**PROMPT:**
Below, locate the line that contains "Vanityfus 60 In". Repeat exactly from that line to the line that contains "洋气显瘦蓝色挂脖法式碎花连衣裙,单款,高弹力,品质好,拉链式独立包装 ...", inclusive, leaving out the pictures.

BEGIN INPUT DATA

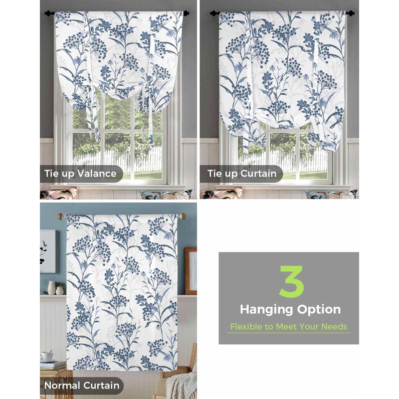 Blue Floral Plant Tie Up Curtains for Kitchen Bedroom Living Room Windows, Adjustable Tie-Up Shade Rod Pocket Curtain Valance Drape Grey Modern Minimalist White Floral Spring Summer 1 Panel, 52" x 45"
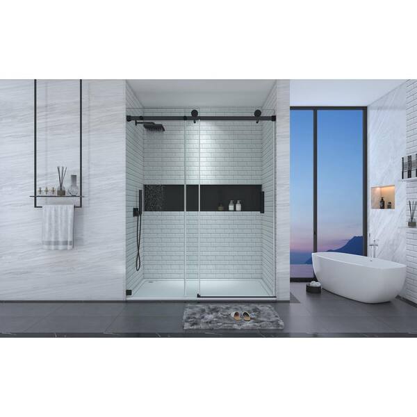 Vanityfus 60 In W X 76 In H Single Sliding Frameless Shower Door In Matte Black With 3 8 In 10 Mm Clear Glass Vf Ss05 60mb The Home Depot
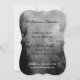 Um modelo de convite personalizado com letras pretas grungy e uma letra preta num céu assustador de Halloween com árvores negras ao longo de uma estrada assombrada, corvos góticos e uma lua de cheio nublada em preto, branco e cinzas. Clique em Personalizar para alterar suas fontes, dimensionamento e muito mais, até mesmo salvar seu design para mais tarde.
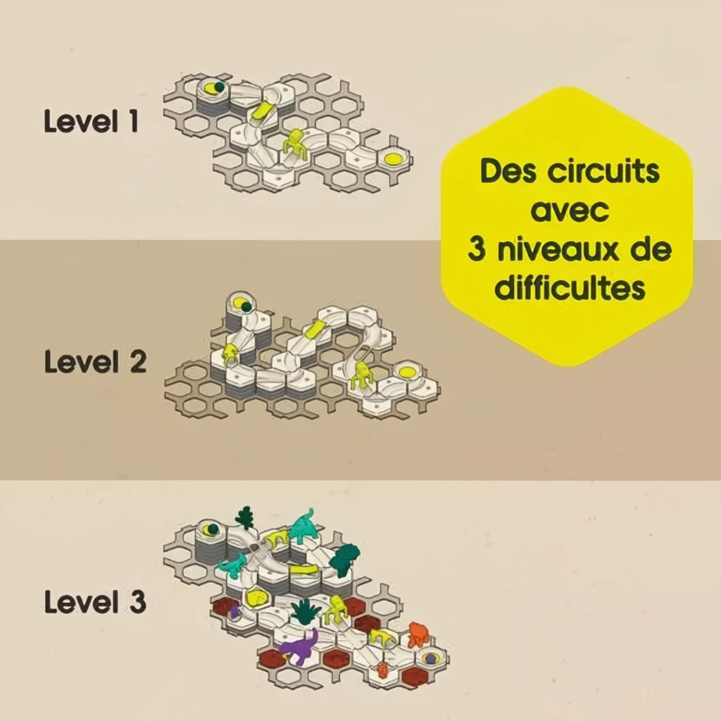Votre enfant thématise ses circuits et plonge dans un monde préhistorique et coloré GraviTrax pour créer ses plus belles aventures avec ses dinosaures ! Construisez un circuit et modifiez-le : GraviTrax se reconstruit à l'infini !
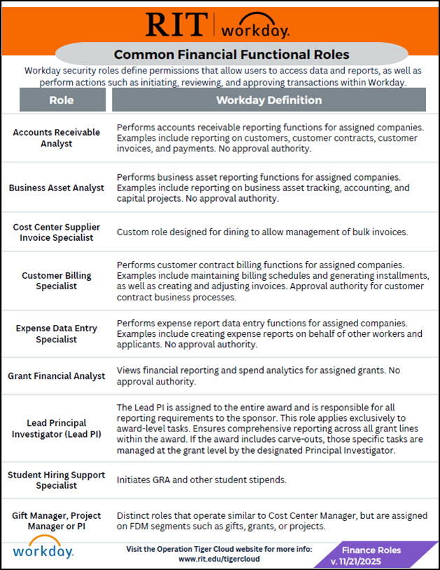 Descriptions of commonly-assigned finance functional roles in Workday.
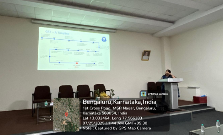 The main session was conducted by the Resource Person, Ms. Rachna, IRS. Her lecture, titled "Goods and Services Tax: A Story of Extraordinary National Ambition," traced the evolution of GST from its conception to implementation. She elaborated on the concept of GST as a consumption tax, explained the dual GST model unique to India, and outlined the significant milestones leading up to the launch of GST. Her session highlighted statistical achievements, the IT architecture supporting the system, and how GST has enhanced transparency in trade and tax compliance, especially in international trade scenarios.
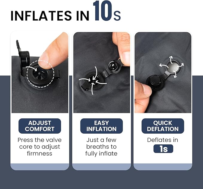 - Versatile Use – Perfect for hiking, camping, backpacking, fishing, beach outings, RV trips, or any outdoor adventure. Whether you're lying in a tent or traveling by plane, the inflatable and cushioned design ensures a comfortable rest wherever you are.
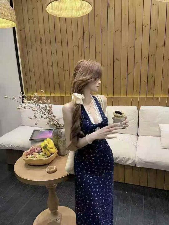 洋气显瘦蓝色挂脖法式碎花连衣裙,单款,高弹力,品质好,拉链式独立包装 ...
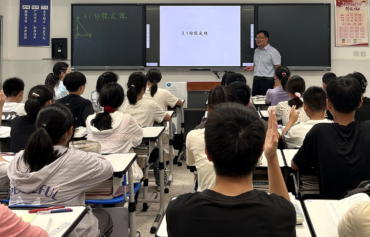 10月9日上午,在泰興市實(shí)驗(yàn)初中教育集團(tuán)文江分校,有著30多年教齡的管旺進(jìn)正用智慧屏給孩子們上數(shù)學(xué)課,曾經(jīng)復(fù)雜的數(shù)學(xué)定理如今能在屏幕上直觀呈現(xiàn)推導(dǎo)過程。“過去教學(xué)主要依靠黑板、粉筆,無其他技術(shù)支持。如今,現(xiàn)代技術(shù)構(gòu)建多元空間,沉浸式、體驗(yàn)式、真實(shí)性的場(chǎng)景讓學(xué)生接受知識(shí)更鮮活,學(xué)習(xí)活動(dòng)可視化也使教學(xué)更生動(dòng)直觀。”泰興市實(shí)驗(yàn)初中教育集團(tuán)文江分校副校長(zhǎng)管旺進(jìn)感慨道。
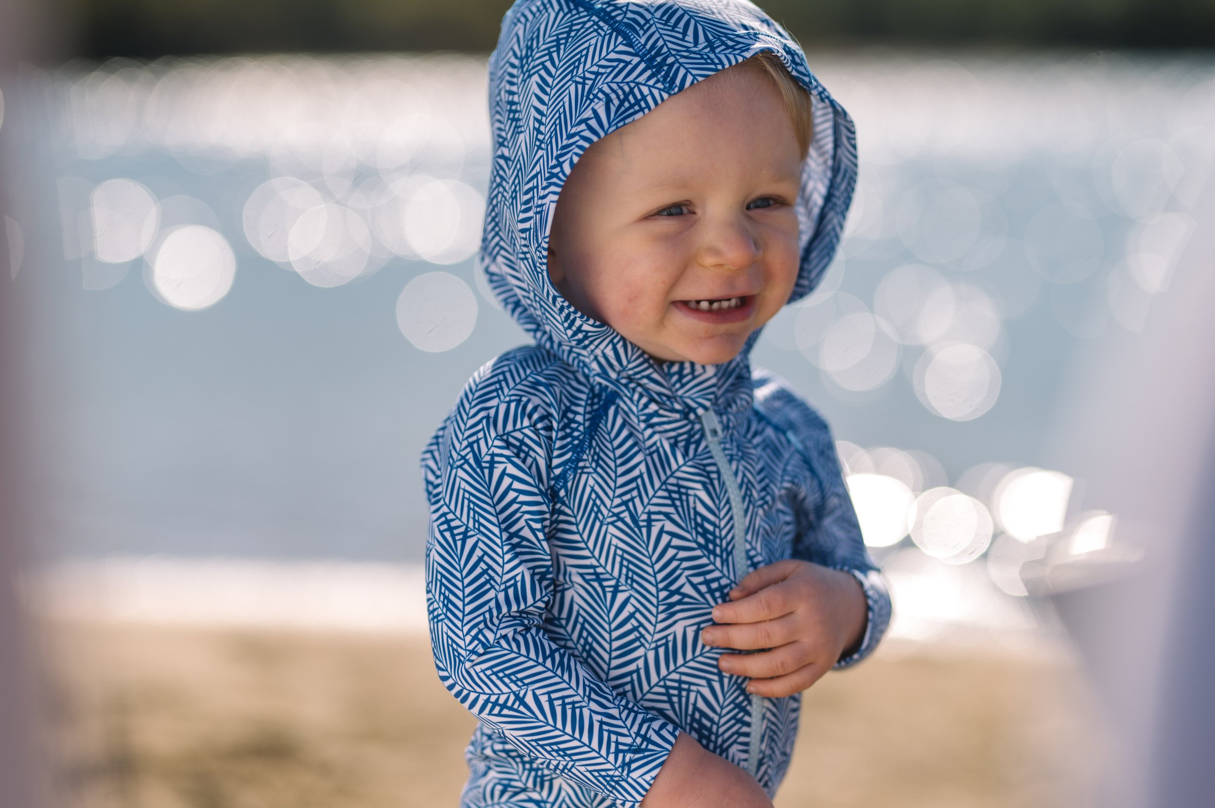 This was also right around the time when major sunscreen brands were recalling thousands of products for containing benzene, a cancer-causing chemical. At this point, I knew sunscreen alone wasn’t going to be our best defense against the sun. By the time Nelson was one year old, I could see the sunsuit in my head and had spent a year shopping for it but couldn’t find the product I was envisioning. Finally, I told my husband, “I can’t be the only mom with this problem, I’m going to design a sun protective swimwear line”. That’s when I started sketching and taking steps to bring the idea to life.

END INPUT DATA

**WRITTEN ANSWER:**
 Vanityfus 60 In W X 76 In H Single Sliding Frameless Shower Door In Matte Black With 3 8 In 10 Mm Clear Glass Vf Ss05 60mb The Home Depot
 Um modelo de convite personalizado com letras pretas grungy e uma letra preta num céu assustador de Halloween com árvores negras ao longo de uma estrada assombrada, corvos góticos e uma lua de cheio nublada em preto, branco e cinzas. Clique em Personalizar para alterar suas fontes, dimensionamento e muito mais, até mesmo salvar seu design para mais tarde.
Votre enfant thématise ses circuits et plonge dans un monde préhistorique et coloré GraviTrax pour créer ses plus belles aventures avec ses dinosaures ! Construisez un circuit et modifiez-le : GraviTrax se reconstruit à l'infini !
 Descriptions of commonly-assigned finance functional roles in Workday.
 The main session was conducted by the Resource Person, Ms. Rachna, IRS. Her lecture, titled "Goods and Services Tax: A Story of Extraordinary National Ambition," traced the evolution of GST from its conception to implementation. She elaborated on the concept of GST as a consumption tax, explained the dual GST model unique to India, and outlined the significant milestones leading up to the launch of GST. Her session highlighted statistical achievements, the IT architecture supporting the system, and how GST has enhanced transparency in trade and tax compliance, especially in international trade scenarios.
 - Versatile Use – Perfect for hiking, camping, backpacking, fishing, beach outings, RV trips, or any outdoor adventure. Whether you're lying in a tent or traveling by plane, the inflatable and cushioned design ensures a comfortable rest wherever you are.
 洋气显瘦蓝色挂脖法式碎花连衣裙,单款,高弹力,品质好,拉链式独立包装 ...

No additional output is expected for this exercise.